Content starts

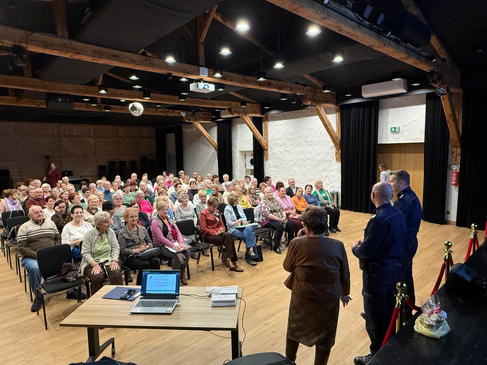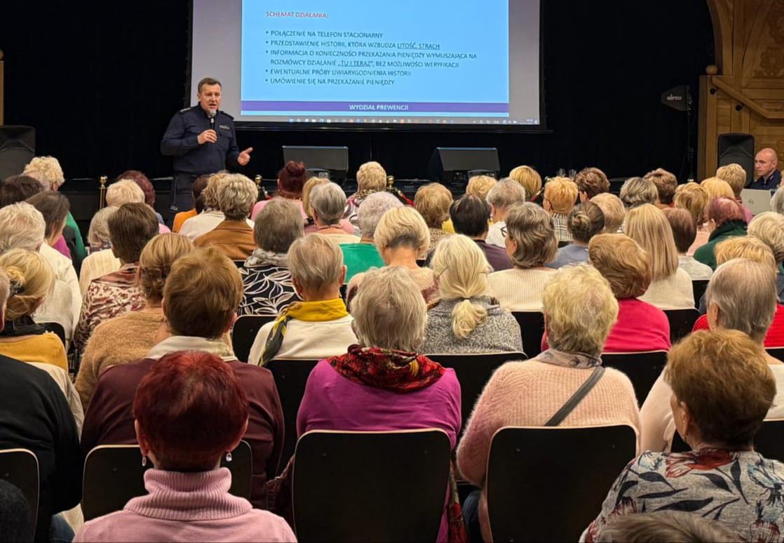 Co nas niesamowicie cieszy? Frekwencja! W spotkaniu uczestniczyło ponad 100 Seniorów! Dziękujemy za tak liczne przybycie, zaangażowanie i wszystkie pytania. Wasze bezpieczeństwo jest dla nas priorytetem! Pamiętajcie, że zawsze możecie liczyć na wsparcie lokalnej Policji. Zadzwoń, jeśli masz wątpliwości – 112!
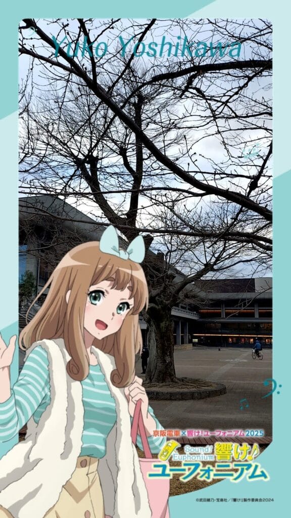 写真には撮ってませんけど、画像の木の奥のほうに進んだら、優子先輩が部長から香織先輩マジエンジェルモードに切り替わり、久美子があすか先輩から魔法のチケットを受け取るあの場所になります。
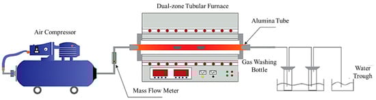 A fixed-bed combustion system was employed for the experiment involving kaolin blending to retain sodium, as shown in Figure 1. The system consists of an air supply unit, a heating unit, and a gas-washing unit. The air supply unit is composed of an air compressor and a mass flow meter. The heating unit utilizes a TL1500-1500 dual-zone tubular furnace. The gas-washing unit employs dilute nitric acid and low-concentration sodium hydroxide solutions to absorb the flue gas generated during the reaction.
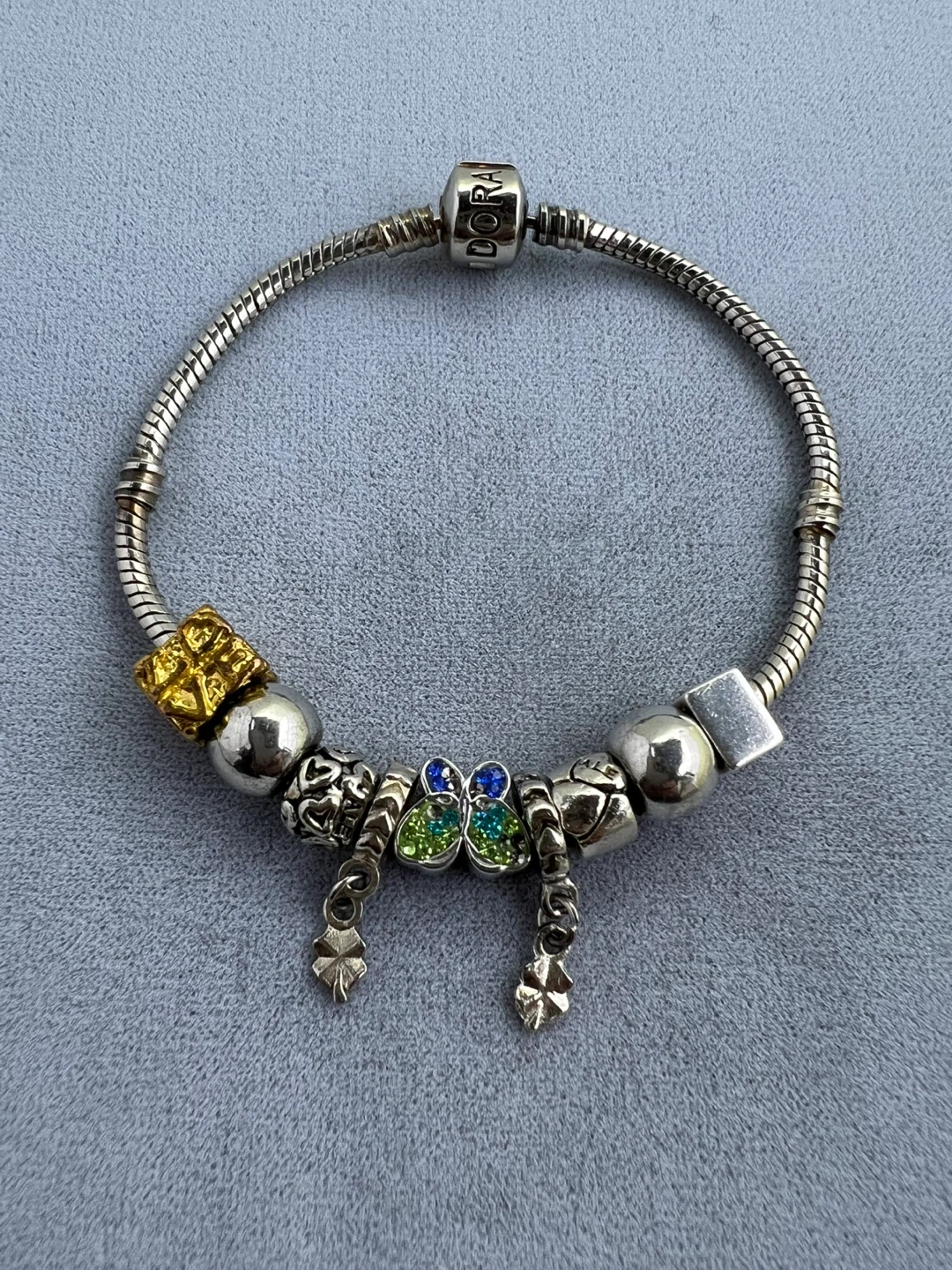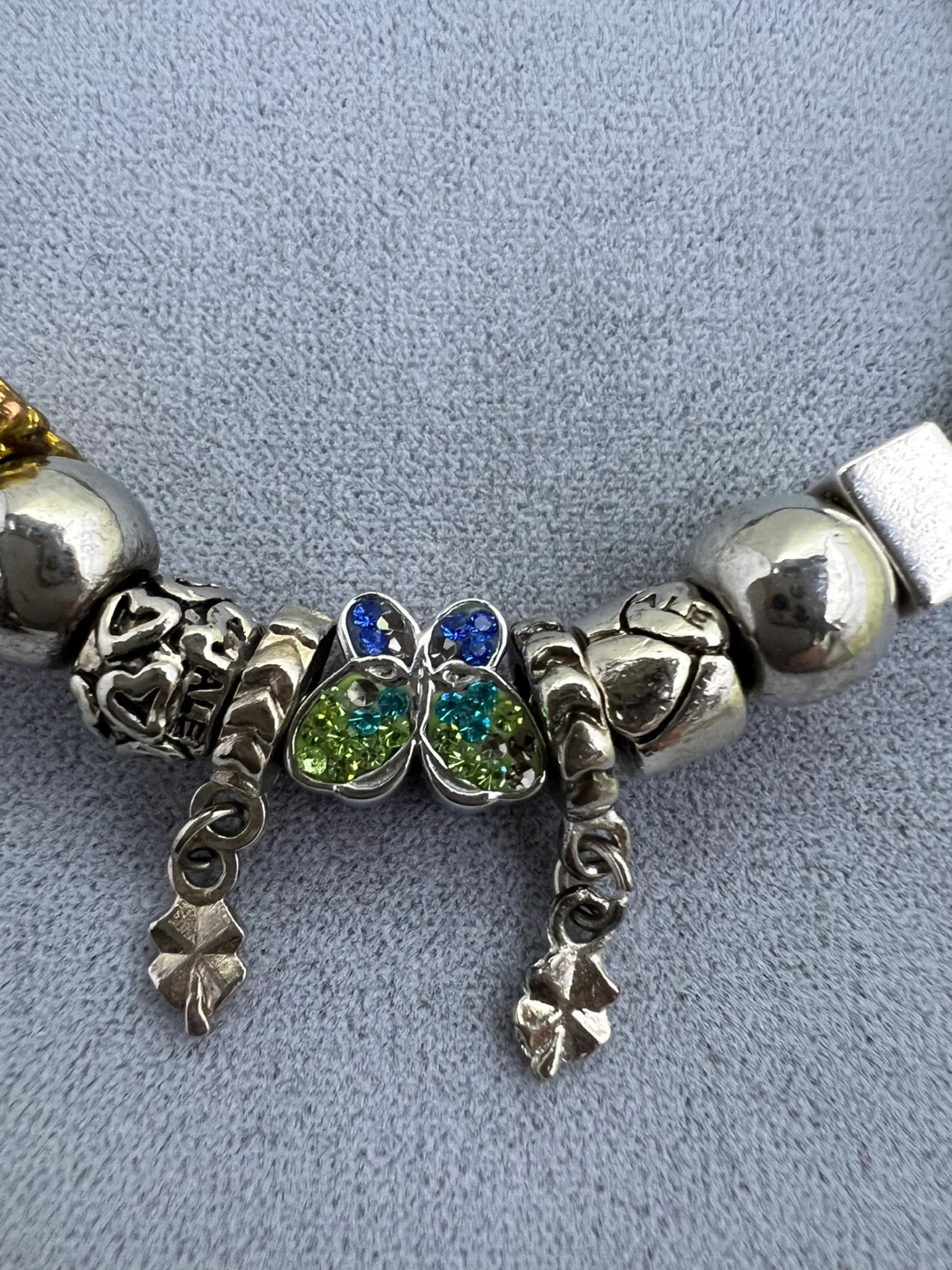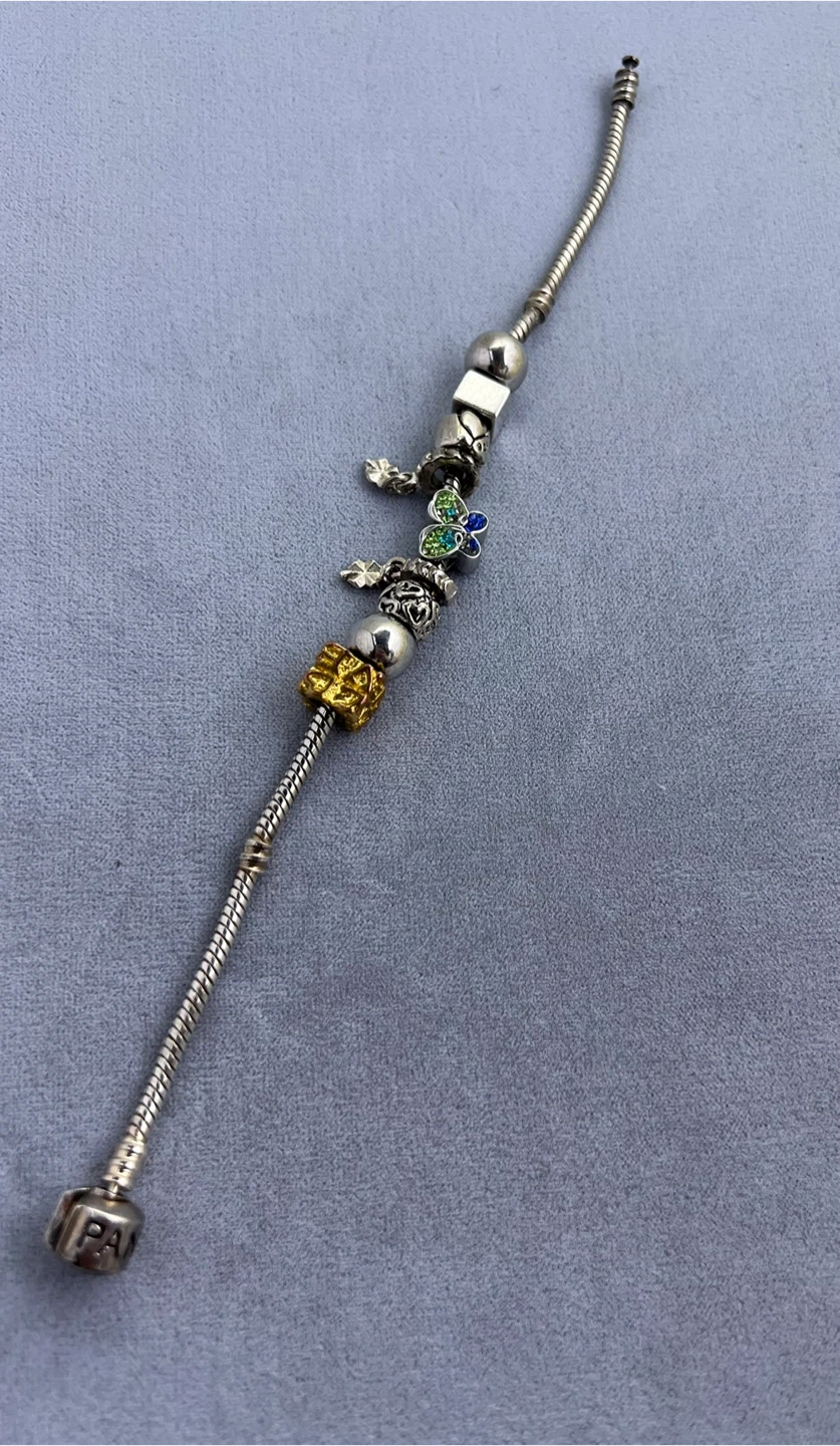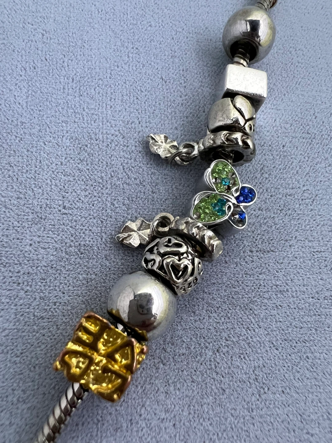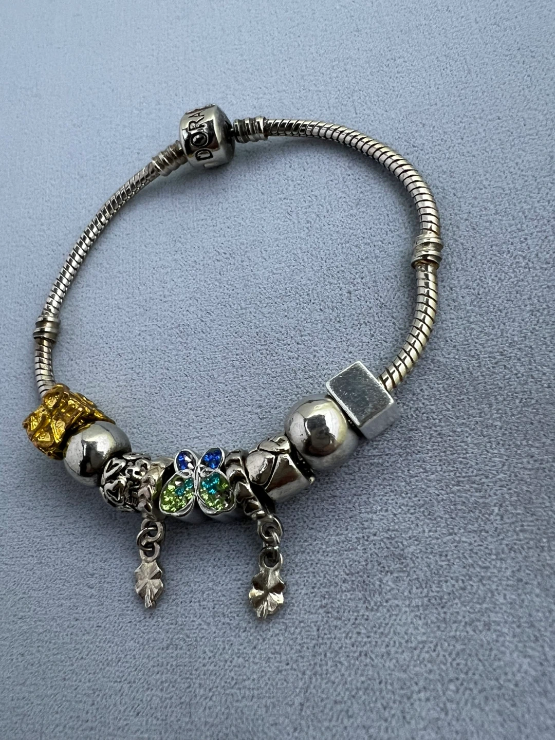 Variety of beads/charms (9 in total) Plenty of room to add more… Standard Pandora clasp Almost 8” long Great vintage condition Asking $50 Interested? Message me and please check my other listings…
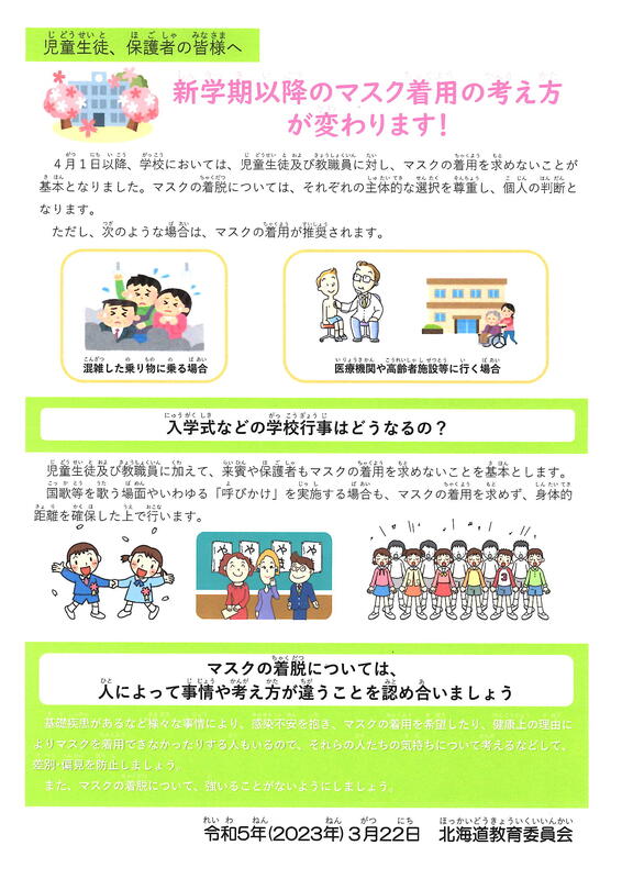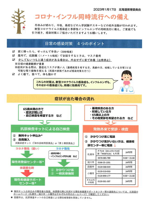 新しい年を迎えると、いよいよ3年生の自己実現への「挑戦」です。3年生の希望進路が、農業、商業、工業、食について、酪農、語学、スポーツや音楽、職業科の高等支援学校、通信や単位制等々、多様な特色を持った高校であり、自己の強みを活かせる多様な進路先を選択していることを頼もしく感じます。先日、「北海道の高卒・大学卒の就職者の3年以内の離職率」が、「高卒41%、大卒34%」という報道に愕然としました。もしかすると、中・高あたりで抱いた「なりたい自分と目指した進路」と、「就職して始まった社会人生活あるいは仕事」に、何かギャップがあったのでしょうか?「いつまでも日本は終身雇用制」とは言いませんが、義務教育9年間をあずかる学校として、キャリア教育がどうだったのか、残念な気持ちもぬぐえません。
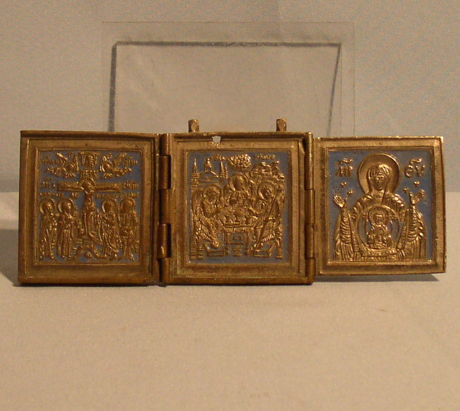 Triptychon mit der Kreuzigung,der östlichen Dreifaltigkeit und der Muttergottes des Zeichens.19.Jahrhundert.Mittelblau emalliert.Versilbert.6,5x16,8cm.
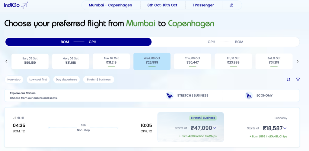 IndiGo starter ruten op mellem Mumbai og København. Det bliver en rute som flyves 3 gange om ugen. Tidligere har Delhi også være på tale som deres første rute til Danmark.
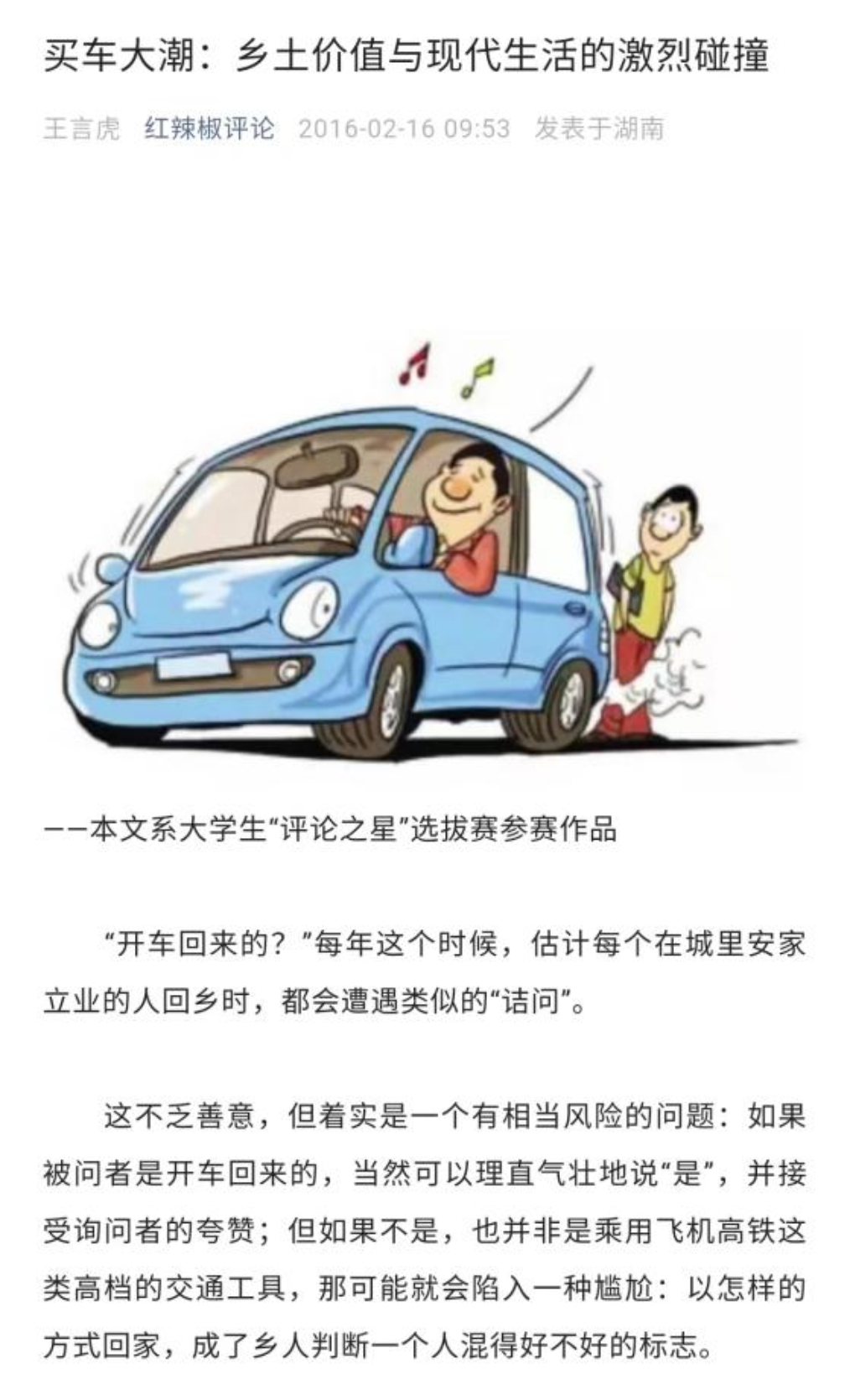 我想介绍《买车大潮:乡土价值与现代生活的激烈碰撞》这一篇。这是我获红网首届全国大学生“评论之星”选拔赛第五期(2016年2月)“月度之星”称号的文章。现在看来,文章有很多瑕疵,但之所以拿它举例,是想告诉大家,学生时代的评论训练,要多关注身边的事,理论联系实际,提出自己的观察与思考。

Content ends

-- What you need to do --
Start at the line that contains "Variety of beads/charms" and retype every line through the end of the entries above, both ends included. Exclude all pictures.

-- Result of this exercise --
 Variety of beads/charms (9 in total) Plenty of room to add more… Standard Pandora clasp Almost 8” long Great vintage condition Asking $50 Interested? Message me and please check my other listings…
 新しい年を迎えると、いよいよ3年生の自己実現への「挑戦」です。3年生の希望進路が、農業、商業、工業、食について、酪農、語学、スポーツや音楽、職業科の高等支援学校、通信や単位制等々、多様な特色を持った高校であり、自己の強みを活かせる多様な進路先を選択していることを頼もしく感じます。先日、「北海道の高卒・大学卒の就職者の3年以内の離職率」が、「高卒41%、大卒34%」という報道に愕然としました。もしかすると、中・高あたりで抱いた「なりたい自分と目指した進路」と、「就職して始まった社会人生活あるいは仕事」に、何かギャップがあったのでしょうか?「いつまでも日本は終身雇用制」とは言いませんが、義務教育9年間をあずかる学校として、キャリア教育がどうだったのか、残念な気持ちもぬぐえません。
 Triptychon mit der Kreuzigung,der östlichen Dreifaltigkeit und der Muttergottes des Zeichens.19.Jahrhundert.Mittelblau emalliert.Versilbert.6,5x16,8cm.
 IndiGo starter ruten op mellem Mumbai og København. Det bliver en rute som flyves 3 gange om ugen. Tidligere har Delhi også være på tale som deres første rute til Danmark.
 我想介绍《买车大潮:乡土价值与现代生活的激烈碰撞》这一篇。这是我获红网首届全国大学生“评论之星”选拔赛第五期(2016年2月)“月度之星”称号的文章。现在看来,文章有很多瑕疵,但之所以拿它举例,是想告诉大家,学生时代的评论训练,要多关注身边的事,理论联系实际,提出自己的观察与思考。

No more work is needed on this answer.